Çalışkandı, disiplinliydi, belirli kuralları vardı, şirketin başarısını her şeyden üstün tutuyordu. Şirketi yönetirken babası ile çatışma yaşadığını, dönem dönem ona haksızlık ettiğini biliyordu ama bu isteyerek yaptığı bir şey değildi. Şirketin kuralları vardı, uymak zorundaydı ve dahası o kuralların doğruluğuna tüm kalbiyle, bu uğurda hayatını verecek kadar inanıyordu. Her sene şirket içinde anket yaptırıyordu, şirket çalışanlarının ona inancı ve güveni hep yüksek çıkıyordu. Bu da yaptıklarının doğruluğunu kanıtlıyordu sanki.

Babası ile bunu açık seçik konuşmuş, babasının yapmaya çalıştığı şeyin şirkete zarar vereceğini, şimdiye kadar yaptıkları her şeyin sil baştan olmasının şirketi batırabileceğini söylemişti ama babası çok inatçıydı. Bu şirketin dedelerinden miras kaldığını, dedelerinin düşünce ve yönetim anlayışının tekrar gelmesi gerektiğini söyleyip duruyordu. Daha fazla değişim istemiyordu, daha fazla icat çıkarılmasın eski usül eski metod yine dünyada en etkili şirket olalım istiyordu. Oysa şirket çok zor günlerden geçmiş nerdeyse kapanma tehlikesi ile karşılaşmış onca ilde bir sürü büroları varken iyice küçülmüşlerdi, yabancı şirketler her yönden baskı yapmış şirket iflas noktasına gelmişti. Şimdi sanki böyle bir tehlike yokmuş gibi bunlar hiç yaşanmamış gibi davranılması yapılan mücadelenin küçümsenmesi hatta yok sayılmasını anlayamıyor ve hazmedemiyordu genç adam. Sanki o sıkıntıların nedeni dedelerin yönetim zafiyeti değildi ve şirketi o sıkıntılı dönemin tüm günahı o savaşı kazanmış olan büyük kuzenin üzerine yıkılıyordu.

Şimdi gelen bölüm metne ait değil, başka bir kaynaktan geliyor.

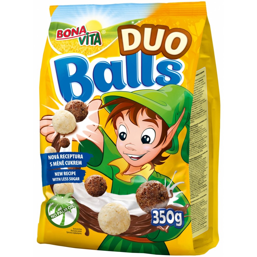 Cocoa balls 50 % [cereals 69.6% (corn semolina, wheat flour), sugar, cocoa powder 6.4%, glucose, skimmed milk powder, iodized salt (edible salt, potassium iodate), sunflower oil with rosemary (sunflower oil, antioxidant: extract of rosemary), fat reduced cocoa powder 0.3%, emulsifier: sunflower lecithin, natural flavour.], balls with white chocolate 50 % [cereals 67.9 % (wheat flour, wholegrain wheat flour, rice flour, corn grits), sugar, white chocolate 6 % (sugar, cocoa butter, whole milk powder, whey powder, emulsifier: soy lecithin, vanilla extract), glucose, skimmed milk powder, stabilizer: calcium carbonate]

Hazmedemediği ne çok şey vardı son günlerde başına gelen. Babası şirket çalışanlarına çeşitli vaatler vererek, ihtiyacı olana avans, kredi vererek, telefon faturalarını ödeyerek daha bir sürü şeyle, daha fazla özgürlük daha fazla hak gibi söylemlerle yönetim kurulu başkanlığını kazanmayı başarmıştı. Ama hala korkuyordu oğlundan. Öyle bir şey yapmalı onu öyle itibarsızlaştırmalıydı ki şirket içinde hiç bir çalışan artık onun adını bile anamasın, korksun. Böylece baba sinsi çalışmasına başladı. Zimmetine para geçirmek gibi oğluna hiç yakışmayacak bir suç buldu. Adamları itina ile sahte belgeler ve faturalar düzenledi. En sonunda alavere ile öncelikle oğlunu ve ona en yakın çalışma arkadaşlarını hapse attırmayı başardı. Öfkeyle konuşuyordu baba. Güç ondaydı artık. Gücün verdiği his onu adeta sarhoş etmişti. Bir zamanlar dünya üzerinde en önemli şirketlerden biri olan şimdi zar zor kendini idare eden şirketini yine eskisi gibi güçlü zannediyor, esiyor, gürlüyor, yabancı şirketlere parmak sallıyor, herkesi hizaya sokacağını sanıyordu. İşin garibi şirket çalışanlarının büyük bölümü bunlara inanıyor, yeni liderlerine daha da bağlanıyorlardı. Oysa çok önemli anlaşmalar yapılırken şirketleri es geçiliyor, ihalelere girmeleri engelleniyordu, durumun farkında olan bazı çalışanlar korkup susmaktan başka bir şey yapamıyorlardı. Baba kendini dev aynasında görüyor, çevresinde onu uyarıp gerçeği gösterecek bir Allah'ın kulu bulunmuyordu.

Hapishanenin uygunsuz şartları sonunda oğlanın zaten var olan hastalığını daha da kötüleştirdi. Gün be gün ölüme gidiyordu, ölmek korkutmuyordu onu ama alnına sürülen bu kara leke ile anılmak onu temizlemeden masumiyetini ispatlamadan ölmek kanına dokunuyordu. Üzüntü, uygunsuz gıda, hasret, hayal kırıklığı, ihanet, babasının bir babaya yakışmayacak kindar eylemleri hastalığını giderek katmerlendirdi.

En sonunda çok önemli bir ameliyat olması gerekti. Ameliyatı çok uzun sürdü. Daha evvel pek çok sağlık kurulu raporuna itibar etmeyen mahkeme adamın ölmesinden öyle korktu ki tahliye kararını daha ameliyat sırasında imzaladı. Oldukça zorlu geçen bir ameliyatın ardından adam uyandığında babasının geldiğini söylediler. Adam daldığı anılardan sıyrıldı ve babasının içeri girişini izledi.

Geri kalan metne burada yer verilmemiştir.